By AINSLEY THOMSON
A high-school dropout who became a millionaire was yesterday found guilty of accident compensation fraud.
A jury in the Hamilton District Court took 10 hours to find Ronald Frederick Donaldson guilty of 44 counts of defrauding ACC.
The charges related to payments he received between July 1991 and September 1999.
The 61-year-old was found not guilty on 35 counts for payments from October 1988 to June 1991.
The case is one of the five largest ACC probes brought before a court.
The Crown said $7.3 million went through the bank accounts of the Waihi Beach man while he received close to $500,000 in accident compensation payments.
At the heart of the case was a friendship between Donaldson and his business partner, Les Wykes - a friendship which turned sour over the division of profits from a $2.2 million business sale and ended in allegations of blackmail.
Donaldson left school at 15 and taught himself to weld.
In July 1988 Donaldson, who owns and lives at the Waihi airfield, was working on a mining project when he lifted a piece of steel and severely injured his back.
The injury, he said, left him bed-ridden and unable to move.
By 1990 Donaldson had partially recovered and was deemed fit to do light work.
He filled out Accident Compensation documents saying he could work for 20 hours a week.
He said he declared to ACC all he was required to.
The Crown claimed that over the 10 years, Donaldson was working nearly full-time.
He was obliged to tell Accident Compensation of this work and his failure to do so was intentional and fraudulent.
The Crown said Donaldson built boats and houses, was in property development and speculation and developed a new housing construction method called Tri-panels.

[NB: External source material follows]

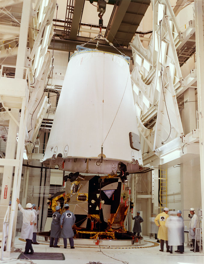 The third stage adapter is lowered into place over the Lunar Module during stacking in the VAB. 1969. Scan by Kipp Teague.69-H-1792 ( 115k )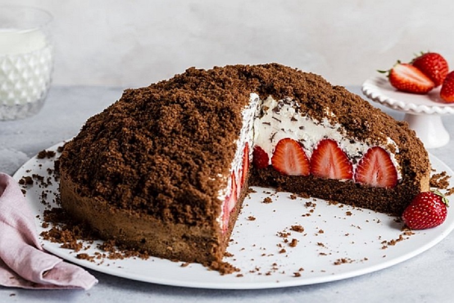 8. Na jahody naneseme šlehačkový krém do kopečka, a kopeček obsypeme drobky z korpusu.

The business prospered, but his friendship with Mr Wykes soured over the division of the $2.2 million they received for its sale to Fletcher in 1997.
Donaldson's lawyer, Warren Scotter, said Mr Wykes hired private investigator Michael Campbell and tried to blackmail Donaldson into giving him the extra money.
Mr Wykes had said that if Donaldson did not comply, Mr Campbell's file against him would be handed to ACC.
But at the same time ACC was also paying Mr Campbell - a total of $100,000 - to investigate Donaldson.
The investigations resulted in the charges being laid.
Mr Scotter said this chain of dealings and misinformation corrupted the case.
Prejudice existed against Donaldson because he received ACC payments when he already had so much money, the defence said.
Judge Robert Wolff remanded Donaldson on bail until sentencing on January 16.